• ASSIGNED TASK: Nothing but the text of the listing, repeated exactly, belongs in the answer; leave the images out.

• DATA EXTRACT:
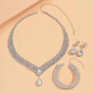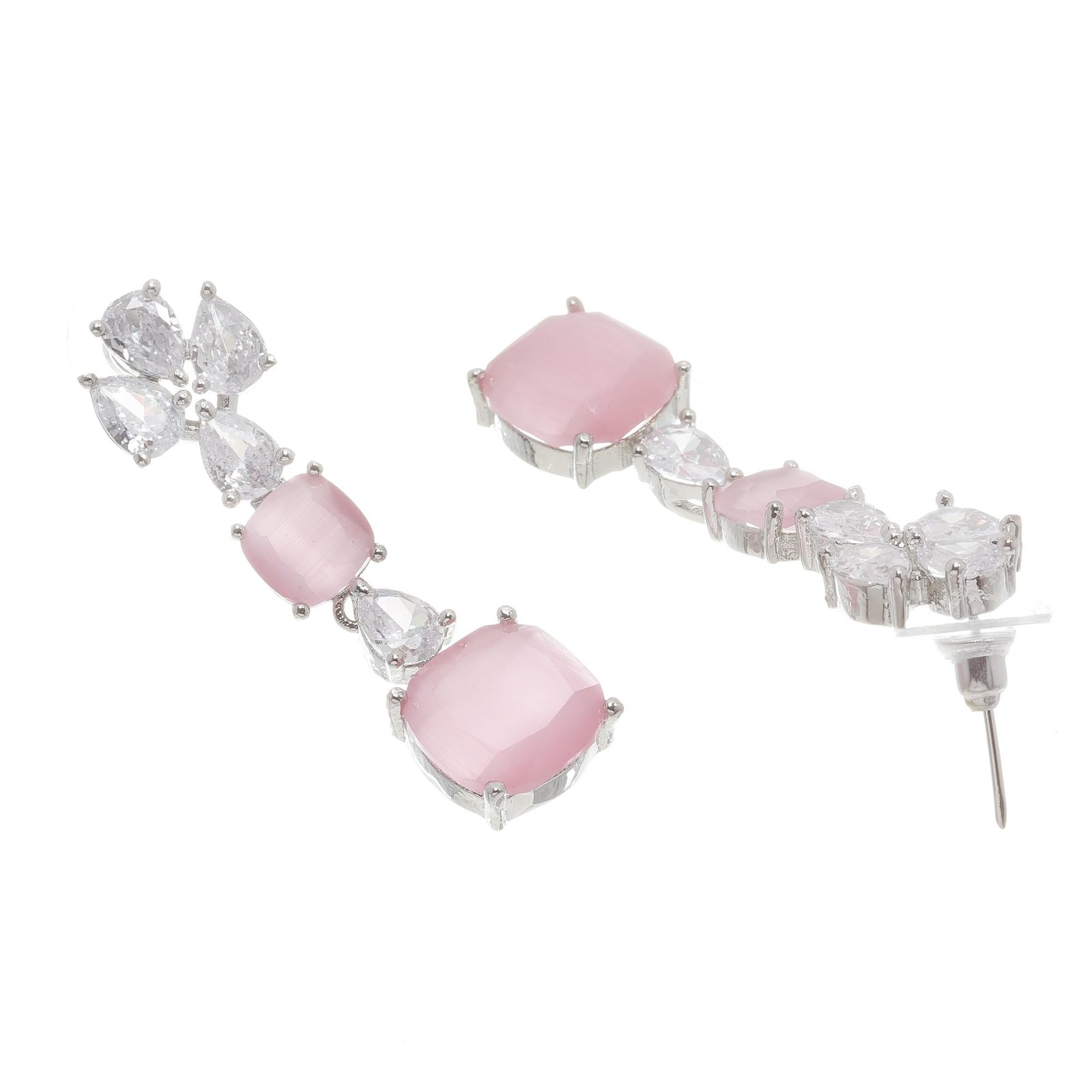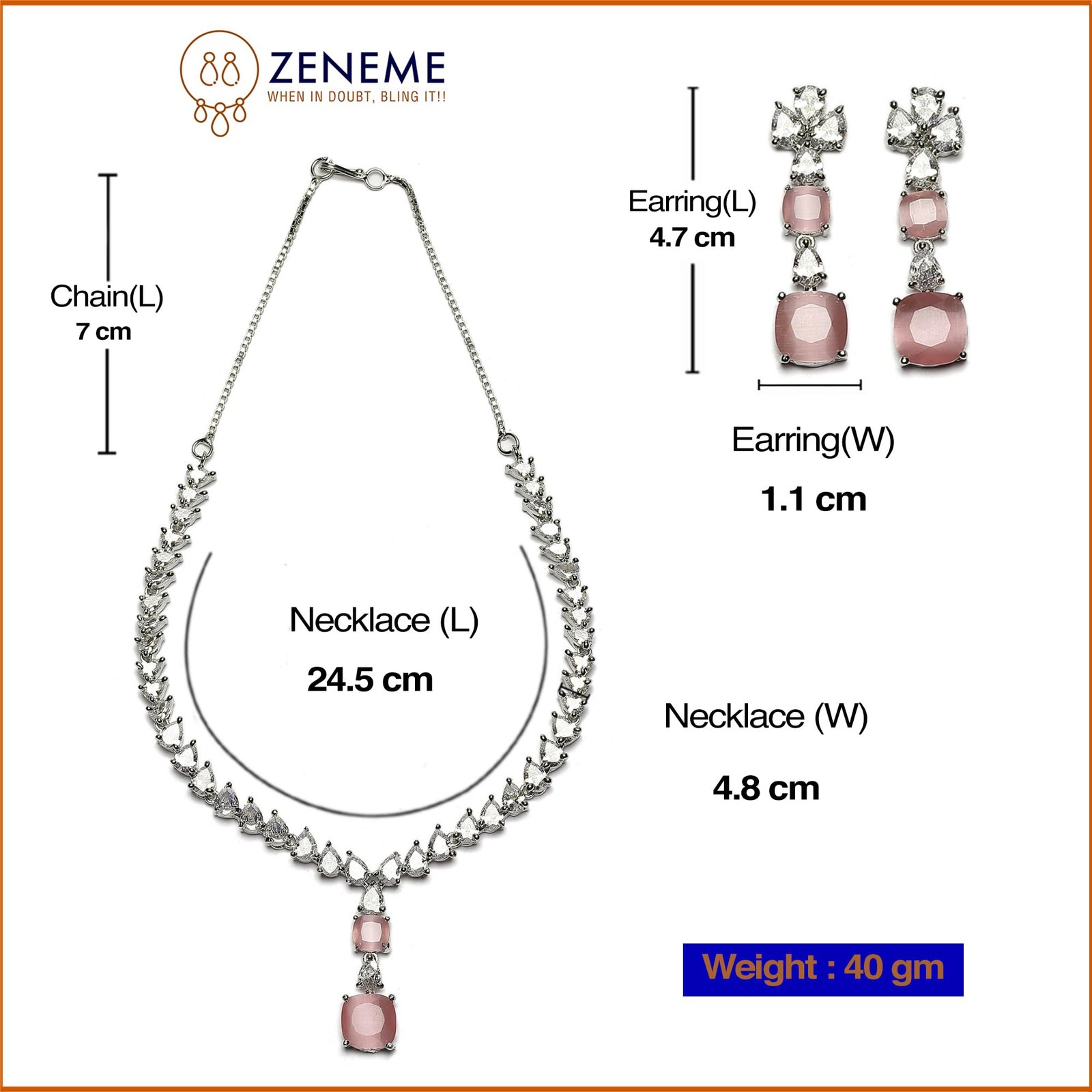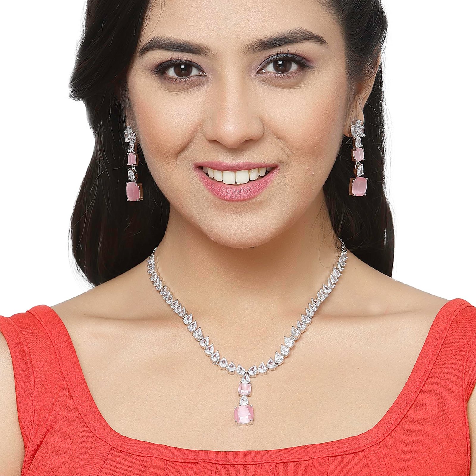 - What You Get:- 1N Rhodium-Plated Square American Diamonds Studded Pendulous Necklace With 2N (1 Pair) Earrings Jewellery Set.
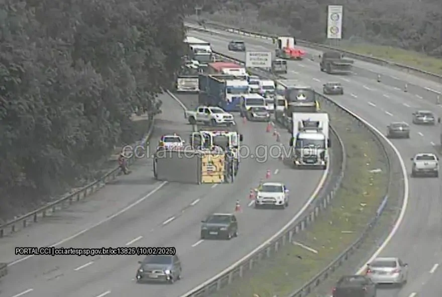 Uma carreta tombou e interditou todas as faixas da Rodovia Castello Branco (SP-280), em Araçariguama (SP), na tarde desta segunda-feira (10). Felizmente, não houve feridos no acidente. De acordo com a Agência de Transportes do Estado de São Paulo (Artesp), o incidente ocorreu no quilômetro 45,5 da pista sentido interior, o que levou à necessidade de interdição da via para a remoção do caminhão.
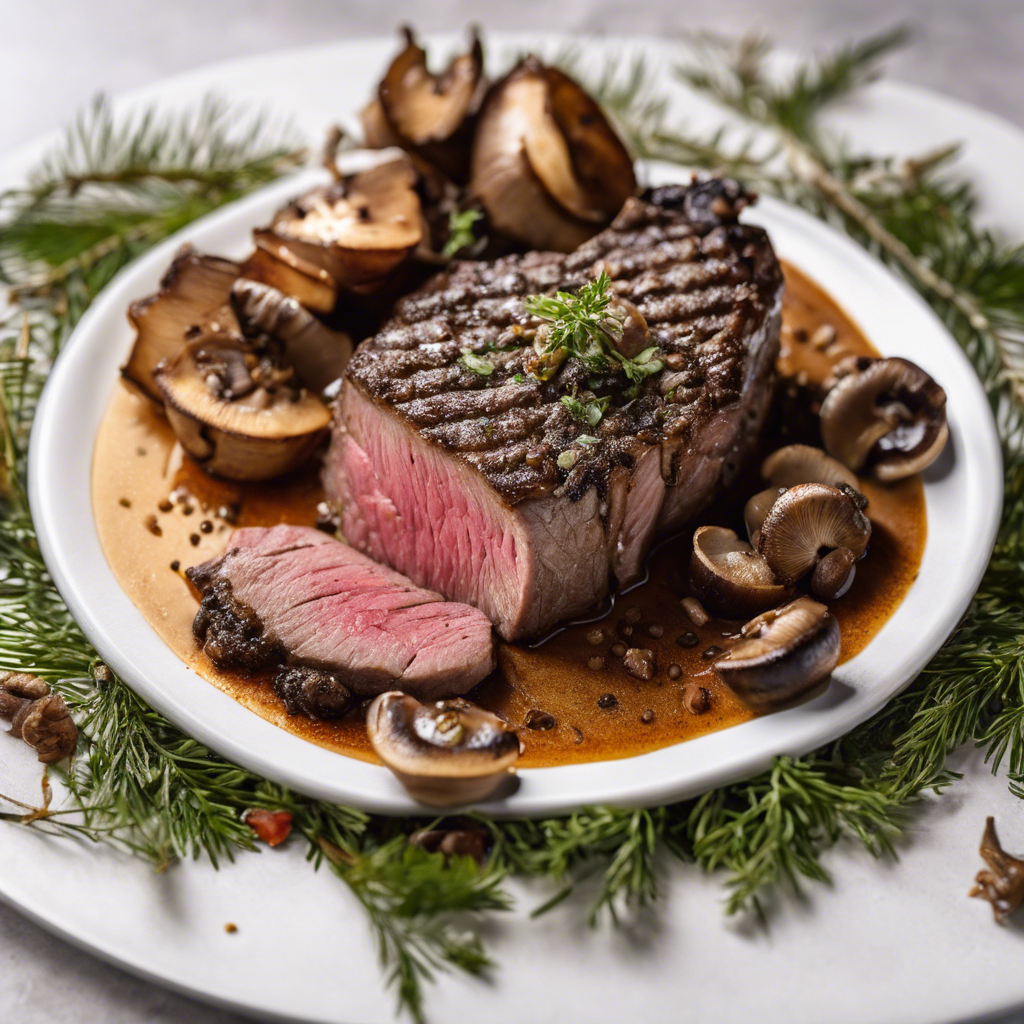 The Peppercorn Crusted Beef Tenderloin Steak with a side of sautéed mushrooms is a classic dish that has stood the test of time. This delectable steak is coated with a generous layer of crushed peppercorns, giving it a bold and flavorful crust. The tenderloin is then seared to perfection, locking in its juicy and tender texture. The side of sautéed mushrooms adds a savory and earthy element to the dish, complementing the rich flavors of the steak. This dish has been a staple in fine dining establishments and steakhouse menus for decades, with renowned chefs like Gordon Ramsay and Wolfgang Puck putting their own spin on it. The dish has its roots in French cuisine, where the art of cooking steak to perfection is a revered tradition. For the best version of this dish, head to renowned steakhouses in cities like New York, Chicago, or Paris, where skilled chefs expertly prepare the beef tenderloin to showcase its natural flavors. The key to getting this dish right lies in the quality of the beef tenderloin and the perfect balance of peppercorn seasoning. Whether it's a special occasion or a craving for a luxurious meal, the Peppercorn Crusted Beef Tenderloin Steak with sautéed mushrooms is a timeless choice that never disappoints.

• RESULT OF THIS EXERCISE:
 - What You Get:- 1N Rhodium-Plated Square American Diamonds Studded Pendulous Necklace With 2N (1 Pair) Earrings Jewellery Set.
 Uma carreta tombou e interditou todas as faixas da Rodovia Castello Branco (SP-280), em Araçariguama (SP), na tarde desta segunda-feira (10). Felizmente, não houve feridos no acidente. De acordo com a Agência de Transportes do Estado de São Paulo (Artesp), o incidente ocorreu no quilômetro 45,5 da pista sentido interior, o que levou à necessidade de interdição da via para a remoção do caminhão.
 The Peppercorn Crusted Beef Tenderloin Steak with a side of sautéed mushrooms is a classic dish that has stood the test of time. This delectable steak is coated with a generous layer of crushed peppercorns, giving it a bold and flavorful crust. The tenderloin is then seared to perfection, locking in its juicy and tender texture. The side of sautéed mushrooms adds a savory and earthy element to the dish, complementing the rich flavors of the steak. This dish has been a staple in fine dining establishments and steakhouse menus for decades, with renowned chefs like Gordon Ramsay and Wolfgang Puck putting their own spin on it. The dish has its roots in French cuisine, where the art of cooking steak to perfection is a revered tradition. For the best version of this dish, head to renowned steakhouses in cities like New York, Chicago, or Paris, where skilled chefs expertly prepare the beef tenderloin to showcase its natural flavors. The key to getting this dish right lies in the quality of the beef tenderloin and the perfect balance of peppercorn seasoning. Whether it's a special occasion or a craving for a luxurious meal, the Peppercorn Crusted Beef Tenderloin Steak with sautéed mushrooms is a timeless choice that never disappoints.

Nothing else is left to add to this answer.